Rasanya ada yang hilang. Aku memandang sekeliling, mengedarkan pandan,g mengabaikan kepala yang sakit dan berdentam-dentam. Ada yang seharusnya di sisiku.

"Ir-syad?" Aku mencoba bangun, hendak mengecek apakah dia masih hidup atau tidak.

Saat berdiri, aku merasakan sesuatu yang aneh. Aku menunduk, melihat perutku yang rata. Ada rasa sakit di sana, tapi aku bahkan tidak terfokus pada rasa sakit itu sekarang. Aku lantas menengok ke sampingku, merasa aneh dan janggal pada kasur kotor yang terlalu lebar di sisiku.

Ada sesuatu yang hilang. Ada sesuatu yang seharusnya di sini, tapi sekarang tidak ada.

"Dayuh?" Suara itu mengagetkanku. Irsyad telah terbangun dan langsung memelukku. "Syukurlah! Syukurlah kamu selamat!"

"Ir-syad...." Pelukan suamiku tidak terasa lembut. Tidak ketika rasa sakit dan bingung menghantam tubuh dan pikiranku berkali-kali, bergantian. "Apa yang ... ada yang hilang ... tubuhku rasanya ringan ... bayi kita ...." Kemudian aku mengingatnya. "Azka...."

Ketika nama itu keluar dari mulutku, kenangan saat anak itu terbaring dalam jangkauan tanganku, tapi tidak bisa aku raih, datang menghantam kepalaku dengan palu-godam. Tanganku meremas kemeja Irsyad yang ketika aku sadari, berlumuran cairan coklat karat dengan aroma besi menempel kuat di bajunya. Ini noda darah yang sudah kering.

"Irsyad ... ke mana ... ke mana Azka...." Aku mencoba melepaskan dekapan suamiku, tapi dekapan itu justru semakin erat. "Di mana Azka?!" Aku meraung sekarang, terutama ketika ingat anak itu berdarah. Sebuah akar menikam dadanya dan perutku. "Di mana anak kita?!"

"Dia sudah tidak ada, Dayuh!"

Kalimat itu bagai vonis hukuman mati. Tanganku yang sebelumnya mendekap Irsyad, mencoba melepaskannya, terjatuh begitu saja dengan lunglai ke udara, ketika makna dari kata-kata itu menyerap masuk ke dalam kepala dan pikiranku.

Hilang. Tidak ada.

Ranjangku kosong tanpa ada Azka di sisiku karena dia sudah tiada.

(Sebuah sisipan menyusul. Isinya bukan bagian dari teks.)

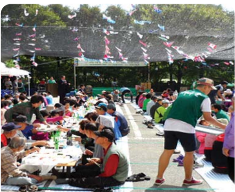
| 가좌2동 | 새마을협의회와 부녀회에서 관내 자생단체의 후원을 받아 지난 1일 어르신 500여 분을 모시고 정성껏 준비한 음식을 대접하고 흥겨운 축하공연 시간을 가졌다.
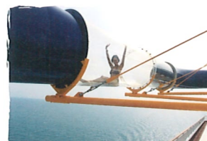
メガ・ウォータースライダー

アクティブに過ごしたいあなたには、プール、ミニゴルフやジムなどのスポーツ施設をご用意しています。またスパやビューティサロン、ジャグジーでゆったりくつろいだり、船上アクティビティに参加するのもよいでしょう。お子様は、めいっばい水と楽しめるネプチューン・ウエット&ワイルドやゲームセンターへどうぞ。
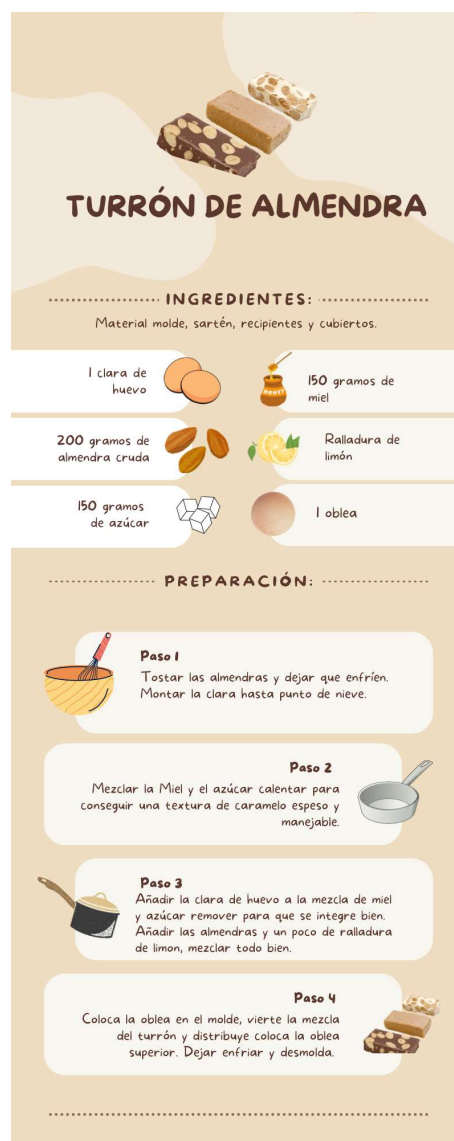
Figura 7. Receta Colombiana
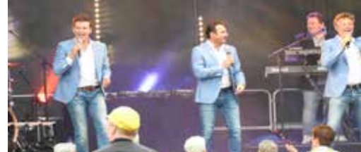
Vlaanderen feest p. 2
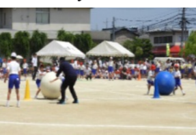
2年生による大玉転がし
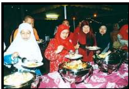
Menjamu selera... peserta-peserta kursus sedang menikmati hidangan yang disediakan
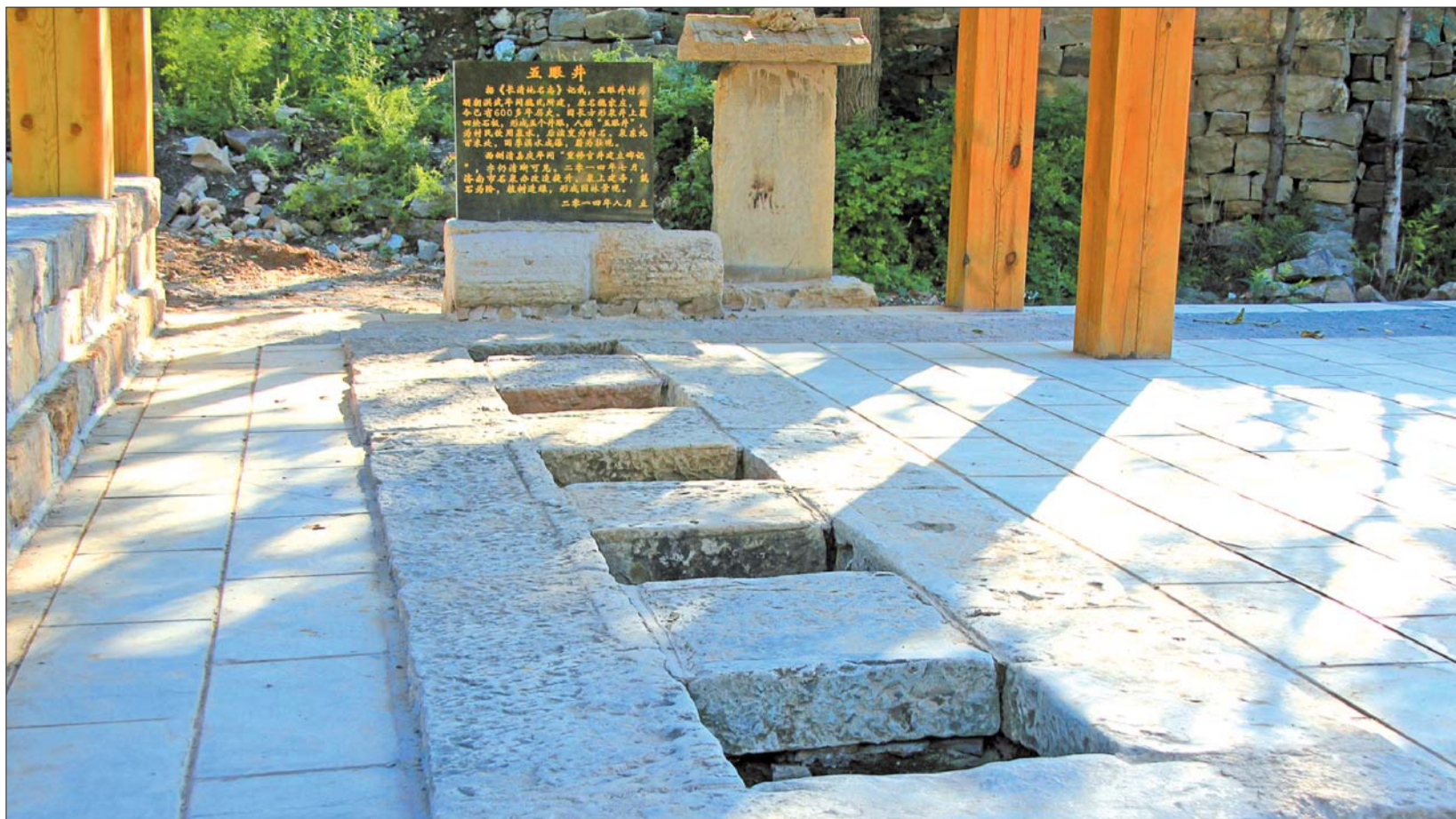
五眼井村因这五口井眼而得名。

Karena aku sudah gagal melindunginya. Aku gaga melindungi anakku sendiri.

"Aku ... ibu tidak berguna...."

"Tidak, itu tidak benar, Dayuh!" Irsyad naik ke atas ranjang. "Kamu sudah berusaha. Kamu juga terluka..."

"Dia ada di jangkauan tanganku, Irsyad ... sedikit lagi dan ... dia bisa aku gapai...." Aku menggumam, seiring dengan air mata yang jatuh ke pipi. Ke atas kemeja Irsyad, membangkitkan kembali aroma darah dari percikan itu. "Aku bisa saja melepas seatbelt-nya ... dan membawanya...."

"Tidak, kamu tidak bisa. Kamu terluka, Dayuh. Kamu hampir saja kehilangan nyawamu...."

Hampir. Tapi aku tetap saja selamat, kan? Yang tidak selamat justru anakku. Justru mereka yang harusnya punya harapan hidup paling banyaklah yang pergi.

Kenapa?

Kenapa bukan aku yang sudah usang ini saja yang pergi? Aku yang sudah berumur inilah yang pantas untuk pergi. Bukan anak yang baru saja melihat dunia seperti Azka. Dia tidak berdosa. Akulah yang berdosa. Kenapa Tuhan tidak mencabut nyawaku saja? Kenapa akar-akar itu tidak membunuhku sekalian agar aku bisa bersama Azka?

Agar aku menjadi ibu berguna yang bisa melindungi putraku ... setidaknya ada di sisinya ketika kematian menjemputnya?

***

Irsyad membawaku ke kamar jenazah saat kondisiku sudah tenang. Di sana, terbaring ratusan, bahkan ribuan kantung jenazah. Beberapa yang tidak beruntung, tidak dimasukkan ke kantung jenazah dan dibungkus kain seadanya.

Kantung jenazah telah lama habis, kata Irsyad. Putra kami adalah salah satu yang beruntung mendapatkan kantung jenazah.

Beruntung mendapatkan kantung jenazah. Kalimat itu terdengar optimis untuk sesuatu yang salah. Apanya yang untung dari mendapatkan kantung jenazah? Apanya yang untung jika Azka tidak selamat? Aku menjeritkan kata-kata itu selama berjam-jam lamanya, menumpahkan tangisan sampai aku puas di ruang jenazah bersama ratusan orang lain yang selamat, menangisi saudara dan keluarga mereka yang telah mati.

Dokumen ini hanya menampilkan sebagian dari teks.